Number of years that the MRGO Restoration Plan, which would rebuild destroyed wetlands, is now overdue because of a conflict between federal and state officials over the scope of the plan and who should finance it: 4

Percent of New Orleans' population lost since Katrina: 26

Percent of New Orleans' population that was African-American before Katrina: 67

After Katrina: 60

Rank of New Orleans among the fastest-growing large cities in the U.S. between 2010 and 2011: 1

In 2004, percent of New Orleans renters paying more than 30 percent of their pre-tax income on rent and utilities, a level considered unaffordable: 51

That figure today: 60

Rank of New Orleans among U.S. cities with the highest rates of homelessness: 2

For income inequality among U.S. cities with more than 10,000 residents: 2

Percent change in New Orleans' poverty rate from 1999 to 2010: 0

Percent of the city's population that lives in poverty today: 27

Percent of the city's children who currently live in poverty: 42

Percentage of New Orleans' public school students who attended schools that met state standards during the 2003-04 academic year: 28

Percentage points by which that number had increased by the 2010-11 school year: 40

Rank of New Orleans among U.S. cities for percentage of public school students who are enrolled in charter schools: 1

Percent of the city's students who attend charters, which were heavily promoted in the aftermath of the Katrina disaster: 75

Year in which parents of children with special needs and advocates including the Southern Poverty Law Center filed an ongoing federal lawsuit alleging that charter schools in New Orleans were refusing to enroll disabled students, kicked them out, or neglected to provide needed services: 2010

Number of weeks after Katrina hit New Orleans that then-Gov.
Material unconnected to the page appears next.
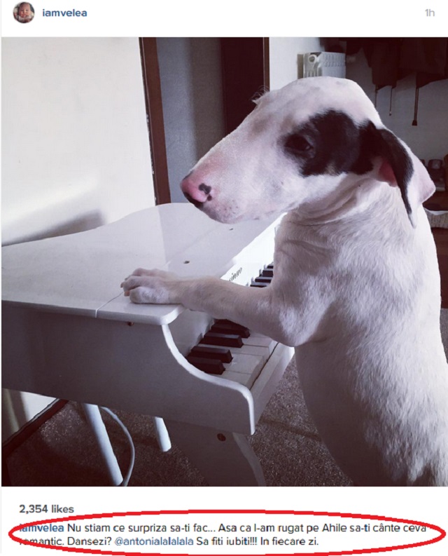 Velea a postat pe o reţea de socializare o fotografie cu unul dintre căţeii familiei, care se joacă cu pianul lui Dominic.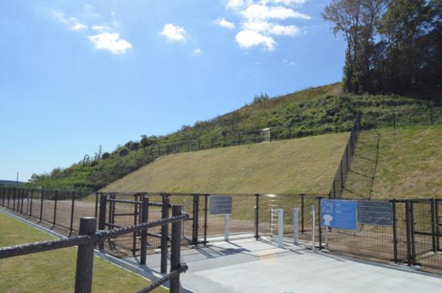 広さ570平方メートル(中・大型犬用470平方メートル、小型犬用100平方メートル)で、犬専用の水飲み場を2カ所に設置。

Kathleen Blanco announced that state-owned Charity Hospital, which served New Orleans' poor, would close permanently, even though the military had prepared it for reopening: 3

Number of months after that when construction finally got underway on the University Medical Center, Charity's replacement: 83

Number of families that were displaced by the hospital's construction: 70

Year in which the new hospital is slated to open: 2014

As of August 2012, about that the Federal Emergency Management Agency had set aside for debris removal and infrastructure repairs for the New Orleans metro area: $9.7 billion

Amount of that money still forthcoming: $3.8 billion

(Click on figure to go to source. U.S. Navy photo of Hurricane Katrina's floodwaters in New Orleans by Photographer's Mate Airman Jeremy L. Grisham.)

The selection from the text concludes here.